So you have to be extremely careful and extremely vigilant and smart.
But I think it's a game worth playing and it's a game worth trying to steer in the right direction.
Because one thing that's a bigger truth here is that blockchain technology is a technology that's still developing.
It's still in its baby phases and it's not going away anytime soon.
No, I think it's just when you're in the independent media, you're always questioning everything.
You never kind of go with everything full-scale.
I just want to add one more point.
Again, there's always an important aspect here because as an alternative media, we're getting screwed.
Dan's getting screwed.
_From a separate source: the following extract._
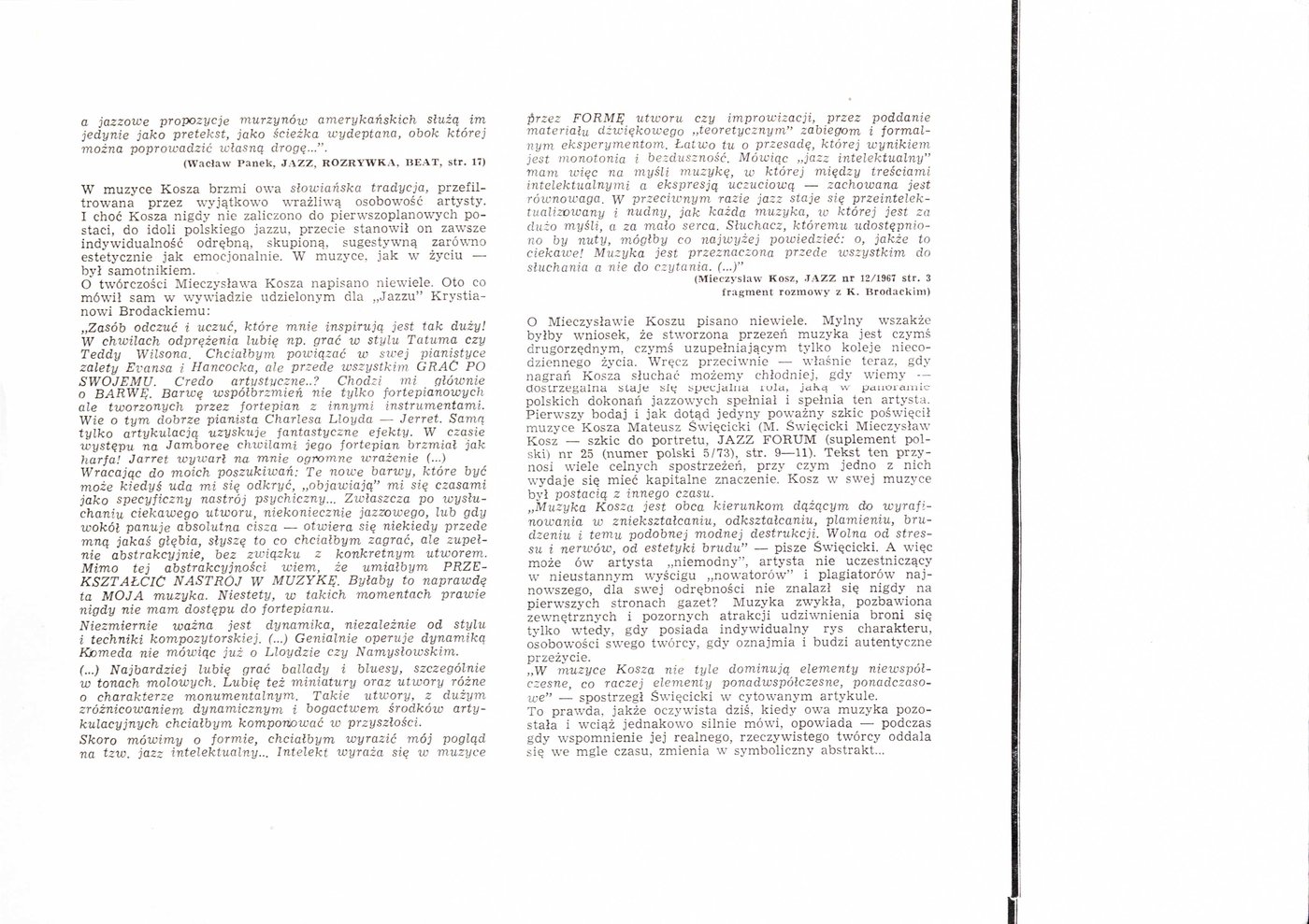 Relacja prasowa Andrzeja Kamińskiego z przebiegu VI Konkursu Pianistów Jazzowych im. Mieczysława Kosza w 1985 r.

You're probably going to get screwed.
Your dad's probably going to get screwed. Everybody's getting screwed for demonetization, algorithm changes.
They're taking away our ability to make a living, which we used to.
Be able to make a living and be okay and be somewhat comfortable.
Now we're very uncomfortable kind of being like, okay, where's the next paycheck because they're taking it away from us even though we're not changing up anything and having more views than ever.
Cryptocurrencies have been a very important step to sustain.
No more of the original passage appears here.